坂林 この曲の歌詞をさっと初めに読んだ時に、最後のDメロの「君のことが 忘れられない 僕だけまだ あの日のまま 変わらない」というところで、メロディもそうなんですけど、このフレーズだけ本当に直接心に訴えかけるかのように感じたんです。なので、本当にここは繊細に歌わないといけない部分だなと思って、自分的にも大切にしています。

田中 私は「君に会える そんな気がした」 というフレーズが好きで、曲の中に何度も出てくるんですけど、この言葉は「その人にとって忘れられない存在とか、記憶があるのかな」と考えさせられるようなフレーズだし、いろんな解釈ができる言葉だなと思っていて。歌っている今もそうですし、卒業した後に聴いても、すごくいろんな感情にさせられるんだろうなと思います。

 私は「君はいない まぶしい砂浜」の「君はいない」という部分なんですけど、なんかアイドルの夏曲って、「私はここにいるよ」とか、「好きだよ」という、前向きな歌詞が多い中で、この「君はいない」というのが、やはり卒業ソングというのもあるし、この言葉選びがすごくグッとくるなと思って選びました。

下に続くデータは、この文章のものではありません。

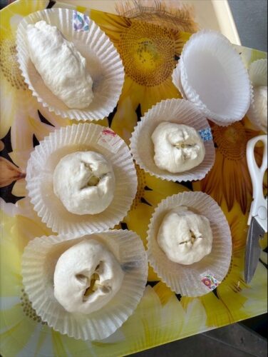 パン生地を丸めて、チーズ🧀やチョコ🍫を入れます

■“Sunset Kiss”の振り付けのポイントや、注目してほしいところなどはありますか?

竹内 “Sunset Kiss”は、タイトルに「Kiss」と入っているように、口元に手を当てたりとか、唇を拭う仕草が振りに取り入れられていて、そういう「Kiss」に関連した振り付けがたくさんあるんですけど、それも決まった形があるわけではなくて、ニュアンスというか、それぞれの個人が考える「最初で最後のKiss」だったりを表現していて。私たちの表現に委ねられている部分もあるので、そういう部分に注目して見ると、そのメンバーごとの解釈の個性が出ていると思います。

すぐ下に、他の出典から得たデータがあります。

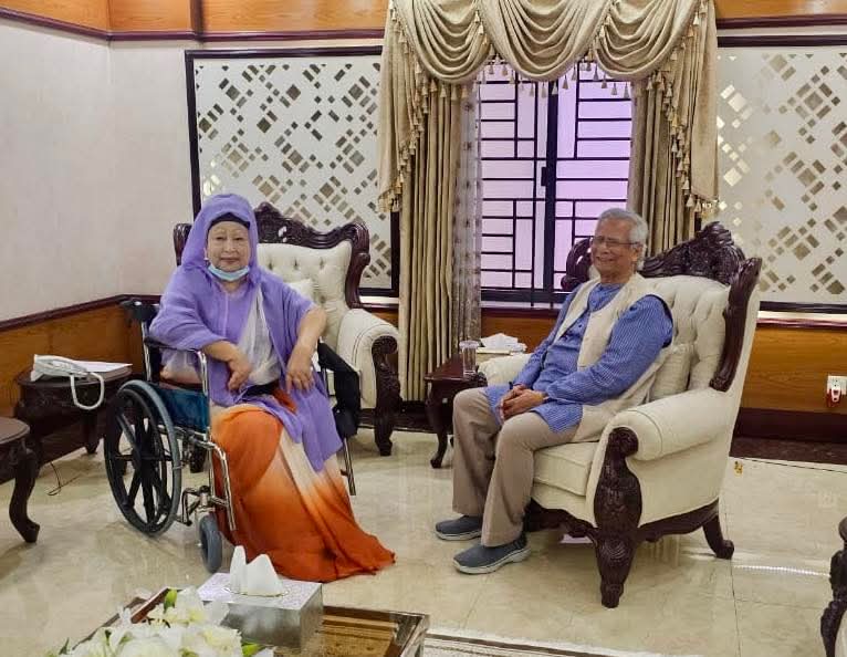 ঢাকা, ২১ নভেম্বর ২০২৫: আজ শুক্রবার রাজধানীর সেনানিবাসে সশস্ত্র বাহিনী দিবস উপলক্ষে আয়োজিত অনুষ্ঠানের সাইডলাইনে প্রধান উপদেষ্টা প্রফেসর মুহাম্মদ ইউনূস ও বিএনপি চেয়ারপার্সন বেগম খালেদা জিয়া পারষ্পরিক সৌজন্য বিনিময় করেন। প্রধান উপদেষ্টা এসময় সাবেক প্রধানমন্ত্রী বেগম খালেদা জিয়ার বর্তমান শারীরিক অবস্থার বিষয়ে খোঁজ নেন এবং তাঁর সুস্থতা কামনা করেন।বিএনপি চেয়ারপার্সন খালেদা জিয়া প্রধান উপদেষ্টাকে ধন্যবাদ জানান। তিনি প্রধান উপদেষ্টার সহধর্মিণী আফরোজী ইউনূসের শারীরিক অবস্থার খোঁজ নেন এবং শুভকামনা জানান। এসময় খালেদা জিয়ার কনিষ্ঠ পুত্রবধূ সৈয়দা শর্মিলা রহমান উপস্থিত ছিলেন।

坂林 今回の振りはCRE8BOYさんに振り付けをしていただいたんですけど、いつも個性的な振りを用意していただくんですが、今回特にインパクトがある振り付けだなと思ったのは、日焼け止めを塗る仕草の振りが2番のサビにあって、「寄せて返す 波が消した あの夏を」の「あの夏を」のところなんですけど、一見何をしているのかわからない振りだと思うんですけど、実は「腕に日焼け止めを塗って、手で仰ぐ」という、日焼け止めを塗る工程を振りで表現しているんです。(笑) これはマイクを持ってのライブでは表現できないんですが、MVの中ではしっかりとやっているので、ぜひチェックしてみてほしいです。

田中 私は間奏のところでそれぞれが踊っていった後に、私と(坂林)佳奈ちゃんが一緒に手を繋いで後ろに行って、ヴェールをかけてあげるという振りがあるんです。これも実際には何をしているかわかりづらいと思うんですけど、実はそんな意味がある振り付けになっていて、その後の落ちサビではそんな佳奈ちゃんを送り出す場面もあるので、いつも「頑張れ!」という気持ちでやっています。(笑)

 私はサビの「切ないほど」の部分で、なんか「ワキワキ ワキワキ」しながら、切なさを表す振りがあるんですけど、ここもメンバーによって切なさの表し方というか、感じ方が違うみたいで、よくリリイベで動画を撮っていただくんですけど、メンバーによって表現の仕方が違うので、そこも楽しんでもらいたいなと思います。(笑) 結構お客さんもみんなやってくれるんですけど、あんまりアイドルの振り付けではない振りなので、見ていても楽しいです。